◆ SUPPLIED INFORMATION
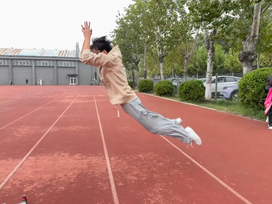 塑胶场地上,男女立定跳远选手奋力起跳,在空中划出优美弧线,挑战极限。
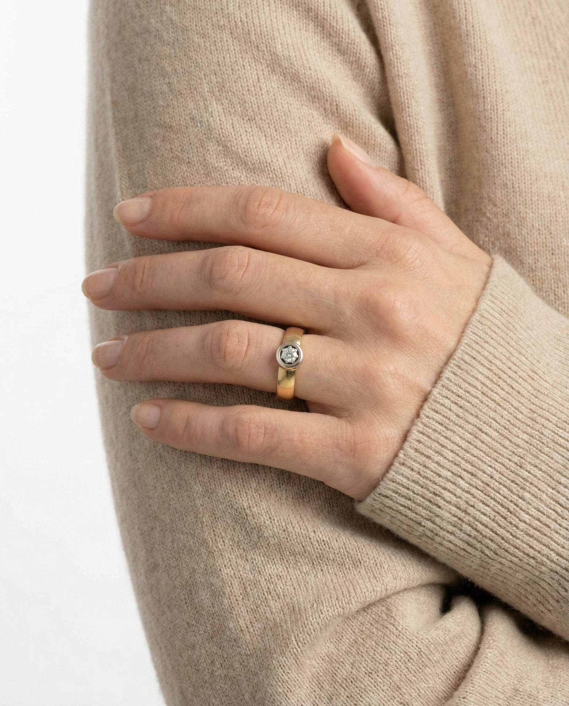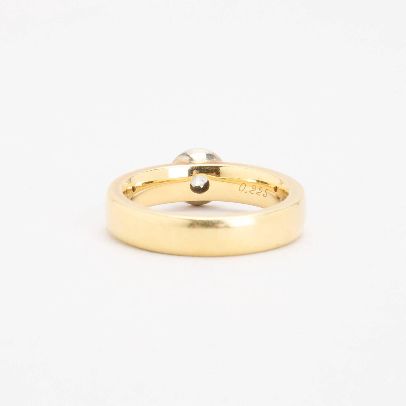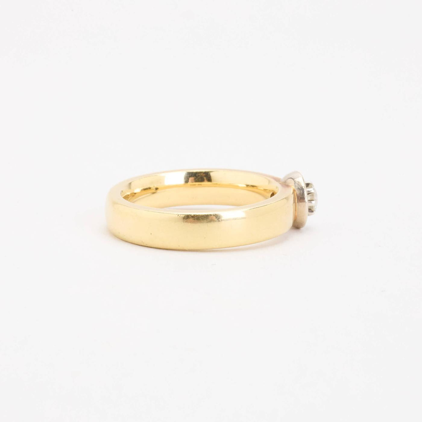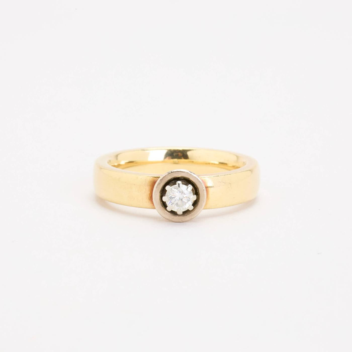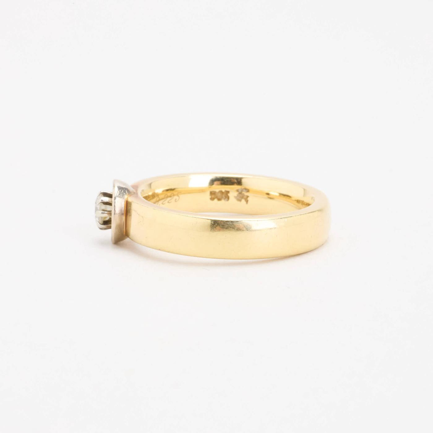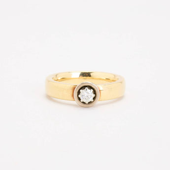 Solitairering i 14K guld og hvidguld med diamant (0.22 ct), Str. 59
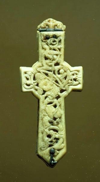 Reliquary cross, carved with foiliate decoration and symbols of the Evangelists. The cross is in fact a small box carved and pierced in low relief to form a case for an inner gold box (lost).
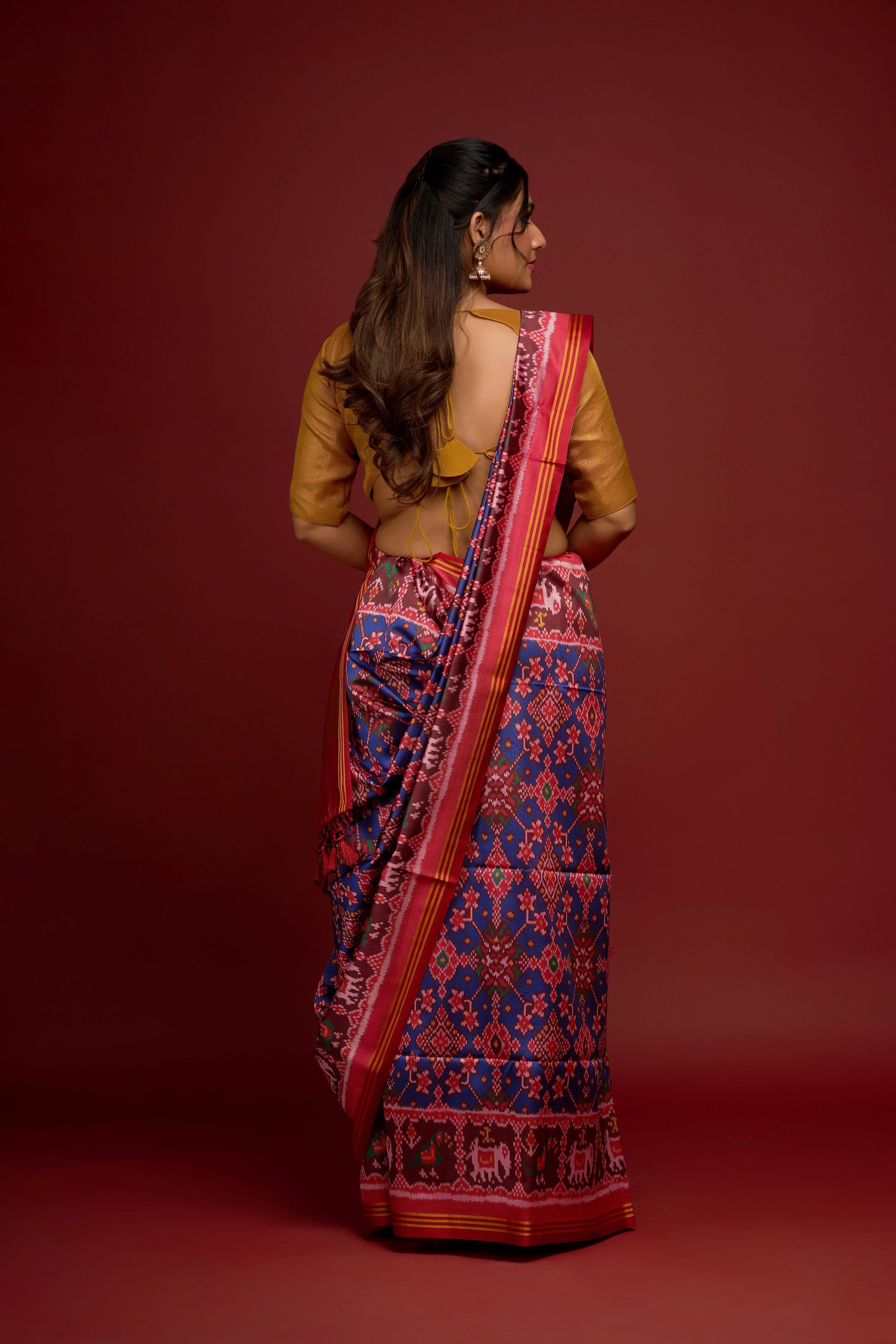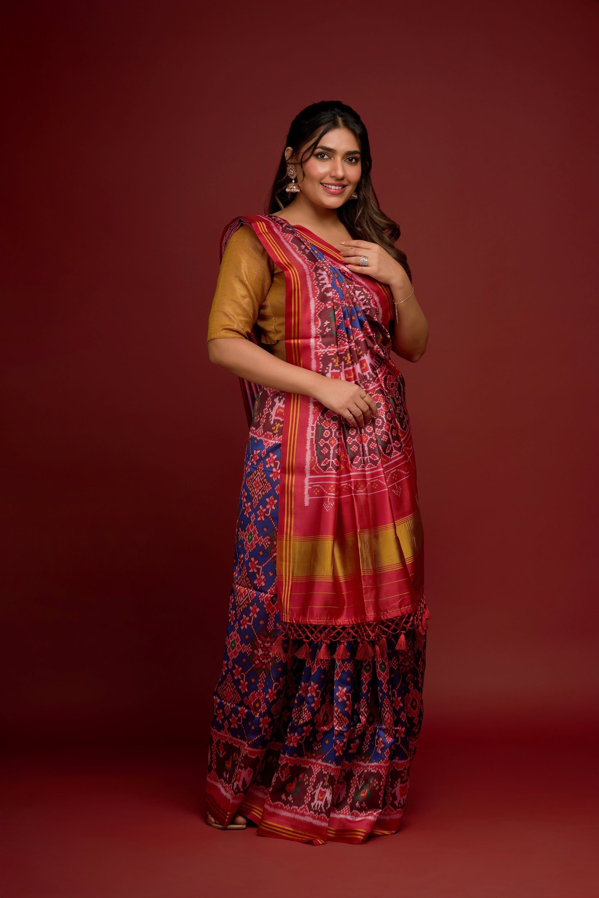 Featuring this chic yet elegant stunning red and blue semi patola saree from Indrani store. This saree has tassels detailing on the pallu making it more appealing. It comes with a matching silk red blouse material.

◆ WHAT TO DO
Pictures excluded, repeat exactly the lines from the top of the material through the line with "Reliquary cross, carved", including both of those lines.

◆ EXERCISE RESULT
 塑胶场地上,男女立定跳远选手奋力起跳,在空中划出优美弧线,挑战极限。
 Solitairering i 14K guld og hvidguld med diamant (0.22 ct), Str. 59
 Reliquary cross, carved with foiliate decoration and symbols of the Evangelists. The cross is in fact a small box carved and pierced in low relief to form a case for an inner gold box (lost).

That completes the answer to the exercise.